Las nuevas herramientas
El proyecto de ordenanza de la creación del Plan Municipal Integral y del Concejo Municipal de Promoción tiene un considerando que da cuenta de normativa local, provincial, nacional e internacional sobre los derechos de los adultos mayores y datos de la Organización Mundial de la Salud sobre la longevidad. Además de un detalle que sorprende: el porcentaje de personas mayores de 60 años supera el promedio nacional. “Rosario ya no es una ciudad predominantemente joven, sino una ciudad que envejece de manera acelerada”.
También enumera los objetivos de la creación de ambas herramientas, fija sus principios rectores y ámbitos de aplicación, así como los deberes del Estado, un extenso detalle de las acciones a realizar para concretarlas y anuncia la incorporación activa de centros de jubilados, asociaciones civiles, organizaciones comunitarias y al sector privado en la construcción de una agenda común a favor de las personas mayores.
De la presentación participaron portavoces de la Dirección de Adultos Mayores de la Municipalidad, de las secretarías de Salud Pública y Cultura y Educación, de Pami Rosario, Coordinación Centro de Jubilados, Defensoría de Adultos Mayores del Concejo y la Dirección de Adultos Mayores de la Provincia; además de referentes de adultos mayores de las universidades Nacional de Rosario (UNR), Abierta Interamericana (UAI), Centro Educativo Latinoamericano (UCEL) y Austral.
Dimensiones de la soledad
La concepción de vejez como una etapa que deviene en carga más que en derechos no suele estar en la agenda pública más allá de los reclamos por jubilaciones, en los que también están solos. Tres fechas interpelan esa postergación: 28 de agosto, Día de los Derechos de las Personas Mayores en memoria del Decálogo de la Ancianidad de Eva Perón, en 1948; el 1° de octubre, fijado por la Organización de las Naciones Unidas y el 15 de junio, Día Mundial de Toma de Conciencia del Abuso y Maltrato en la Vejez.
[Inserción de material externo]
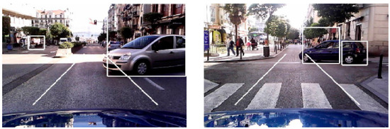 On the other hand, the use of shadow under vehicles may lead to hypotheses of vehicles which are out of the scope of the system such as vehicles travelling in parallel lanes (in both directions), vehicles parked by the lane or vehicles whose rear is occluded to some extent (generally by other vehicles). However, as the system focuses on vehicles travelling within the ROI, the number of final vehicle hypotheses is significantly reduced. Special mention must be made of vehicles travelling transversely to the ego-vehicle trajectory, i.e., in crossroads (see Figure 7) and roundabouts. The clusters of gradients due to their shadows can satisfy the morphological filter, thus providing hypotheses of vehicles out of the scope of the system.

El plan Mil+65, define la soledad no deseada como una experiencia subjetiva de malestar que aparece cuando una persona percibe que sus relaciones sociales no responden adecuadamente a sus necesidades, expectativas o deseos de conexión. Por eso una persona puede vivir sola y no sentirse sola. Y otra puede sentirse profundamente sola aun estando rodeada de familiares o personas. La clave no está solamente en la cantidad de vínculos. La clave está en su calidad. En la reciprocidad. En la escucha. En el sentido de pertenencia. En la posibilidad de contar con alguien cuando se necesita. Sobre el final, el Director de Adultos Mayores de Santa Fe, Fabián Peralta, cerró con una anécdota inquietante: “Cuando salió el tema ludopatía en adultos mayores, le pregunté a un señor por qué iba al casino y me respondió que iba para escuchar gente hablar”.